Expansion to Talisman board game

Cover art by Christos Achilleos, 1986

Talisman The Adventure is a 1986 expansion to the Talisman board game, both produced by Games Workshop. The Adventure, which requires the original Second Edition board game, is incompatible with and has no counterpart for subsequent editions.

==Description==
===Contents===
This expansion includes
- 37 new Adventure cards
- 11 new spells
- 8 new character cards
  - Centaur
  - Ninja
  - Ork
  - Samurai
  - Soldier
  - Warrior of Chaos
  - Witch Doctor
  - Woodsman
- 6 Alternate endings (See "Victory conditions")
- 6 character record sheets with which to organize character's attributes, followers and objects.
- rules sheet

===Victory conditions===
In the original game, the character who reached the Crown of Command first was the winner. In this supplement, when the player reaches the inner sanctum, the player draws an alternate ending card and encounters one of the following:
- Demon Lord: a powerful demonic being with Craft 12 and 4 Lives. If the player defeats the Demon Lord, the player wins the game. Otherwise, play continues.
- Pandora's Box: the character draws Adventure and spell cards to be used against his or her foes. Play continues.
- Hercules' Belt: a powerful artifact which gives the character 12 Strength and 5 lives. Play continues.
- Dragon King: a randomized finale with many possibilities.
- The Horrible Black Void: the character is sucked into the void and dies instantly. (If playing with the Talisman Timescape set, the character is transferred there instead.) Play continues.
- Crown of Command: as in the original version, the player wins the game.

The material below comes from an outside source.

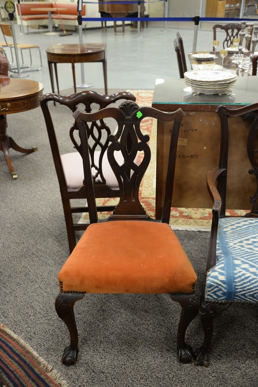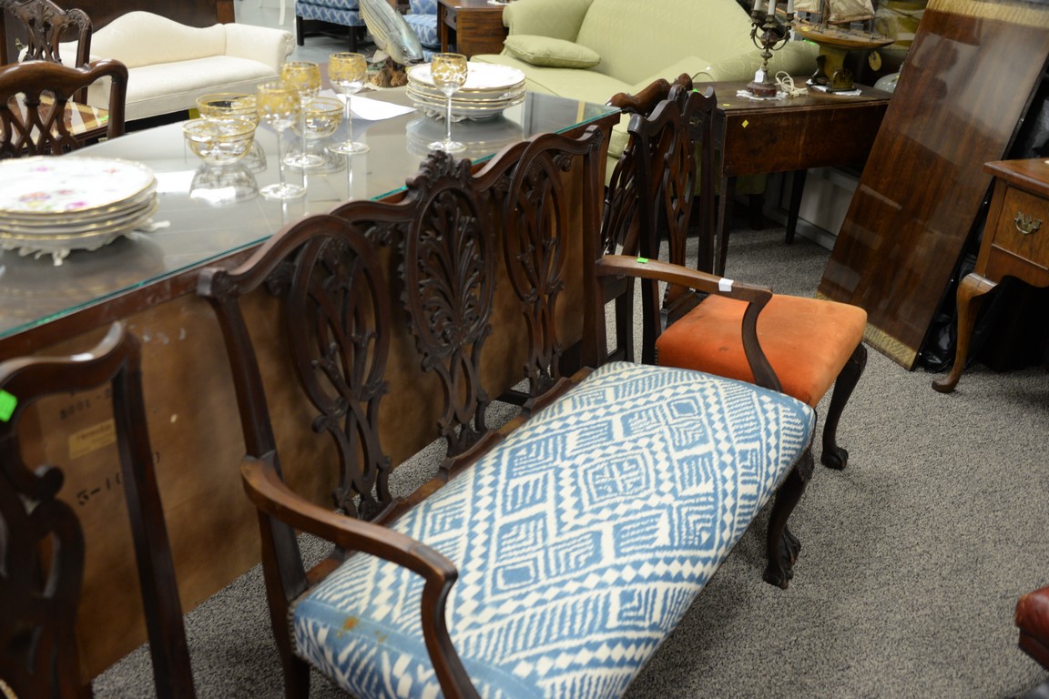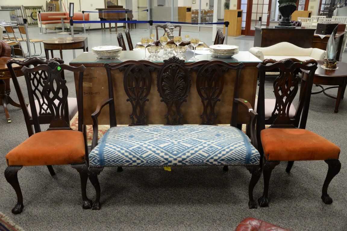 Lot 283: Three piece lot including mahogany two seat settee and pair of Chippendale style side chairs. settee: lg. 45in.

If drawing one of the above does not result in the end of the game, the card that was drawn is replaced with a new random ending.

==Publication history==
Games Workshop published Talisman in 1983, and followed up with several supplements, including Talisman The Adventure, which was designed by Edward Campbell, Charles Johnson, Alan Merrett, and Aly Morrison, with interior art by Aly Morrison, and cover art by Christos Achilleos.

==Metal miniatures==
The supplement comes with small cards illustrating each character, which are then mounted in plastic bases to provide each player with a character token to move around the board. Games Workshop, through its subsidiary Citadel Miniatures, also offered metal miniatures of the characters for sale.

==Reception==
Robert Neville reviewed Talisman The Adventure for White Dwarf #83, and stated that "This is just the thing for those irritatingly smug people who always win at Talisman – just watch their joy turn to misery as their beloved hero disappears down into the darkness. All in all, Talisman The Adventure is a fun package, and will do much to refresh the parts of Talisman that other expansion sets can't reach."